Saturday, June 13, 2015

All Men are Created Equal

It came to my attention during a discussion not long ago that the context of the phrase may have been lost.

The person I was speaking to, not an American, pointed out the obvious: All men are not created equal. Her example was that the son of a prostitute was not at all equal to the son of a doctor. True, except in one regard; we are all created with unalienable rights given to us by our Creator (see previous post for my use of Creator).

At the time that the Founders proclaimed our independence the civil rights regime of every society that I know of was based on God's direct relationship with the various monarchs extant then. The religion practiced by the monarch did not appear to matter. The structure was always the same.You have heard, I am sure, of the Divine Right of Kings. Further, the rights of his subjects were mostly comprised of the rights he chose to confer on them.
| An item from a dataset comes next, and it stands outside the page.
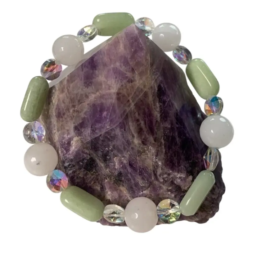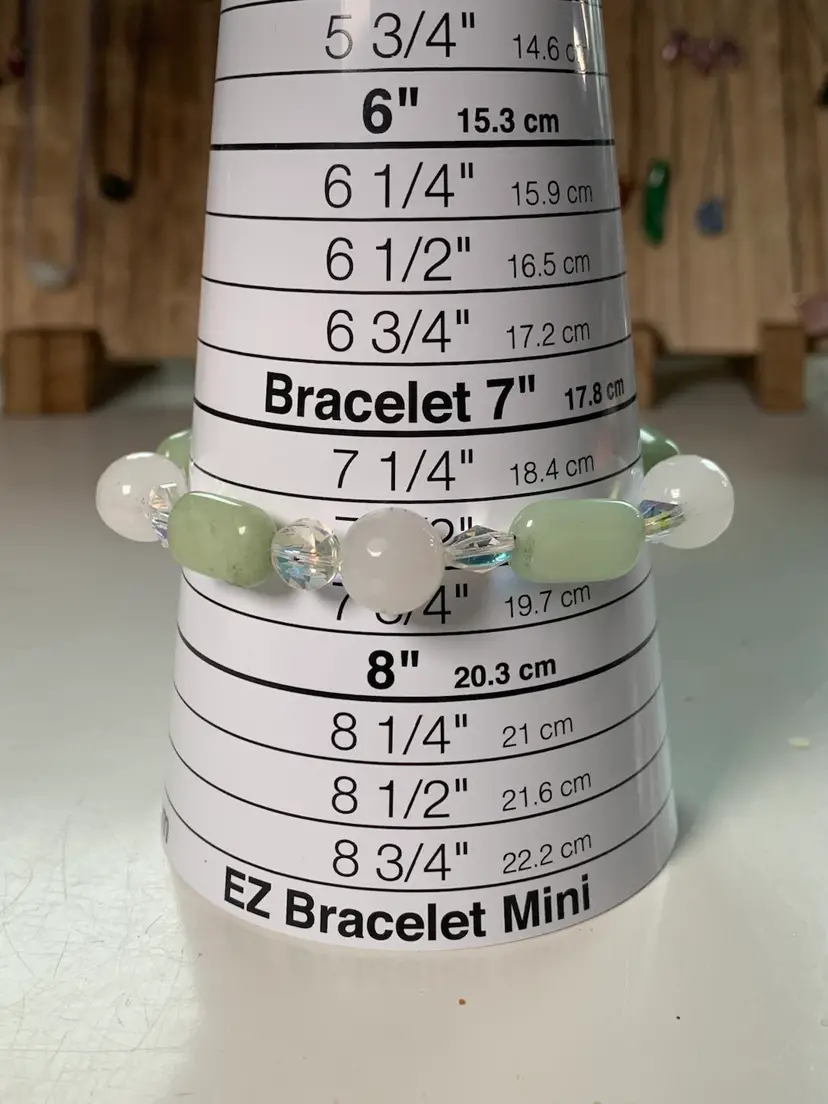 This beautifully crafted 7.5” large bracelet features a stunning mix of gemstones and crystals, creating a delicate yet eye-catching design. The combination of oblong pale green beads, micro-faceted opaque white beads, and sparkling rivoli crystal beads makes this a versatile piece that can be worn alone or stacked.
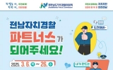 전남 김금덕 기자2025. 03.11[정보신문 = 김금덕 기자] 전라남도자치경찰위원회는 자치경찰을 홍보하고 정책 아이디어를 함께 만들 전남자치경찰 파트너스를 오는 26일까지 모집한다고 밝혔다. 자치경찰 파트너스는 도민의 다양한 아이디어를 모아 자치경찰 홍보콘텐츠를 만들고, 지역 맞춤형의 특색있는 치안정책 아이디어를 발굴하기 위한 젊은 세대 참여 프로그램이다. 자치경찰에 관심이 많고 열정 있는 전남지역 대학생이나 고등학생이면 개인 또는 팀을 구성해 누구나 지원할 수 있다. 참여 신청은 전남자치경찰위원회 누리집(www.jeonnam.go.kr/jnapc)에서 ...

For the most part they could be given and taken away at the whim of the monarch. (Until after WWII for example, the Emperor of Japan was believed to be the son of god.) There were some exceptions, the Magna Carta, for example, but not many.

For the first time, as far as I know, the American system disengaged the monarch and put the people, all of them, in direct relationship with their civil rights. The first time, ever.
In this respect, and this respect only, were the Founders asserting the equality of men. This was an incredibly revolutionary assertion.

The then existing institution of slavery does not, in my opinion, invalidate their assertion. At that time those who condoned the practice did not consider slaves human. That they were wrong is beside the point. At that time women were generally not considered the equal of men. That they were wrong is also beside the point.

In their context, in their time, the views they held were commonplace. That they were not as enlightened as we are today is entirely predictable and irrelevant. In case it has gone unnoticed, we evolve. Were it otherwise our creation would have been accompanied by the invention of cars, planes, telephones, modern medicine and personal computers. 10's of billions of us lived and died during the thousands of years that humans were such slaves to our needs and environments that there was no time for meaningful innovation.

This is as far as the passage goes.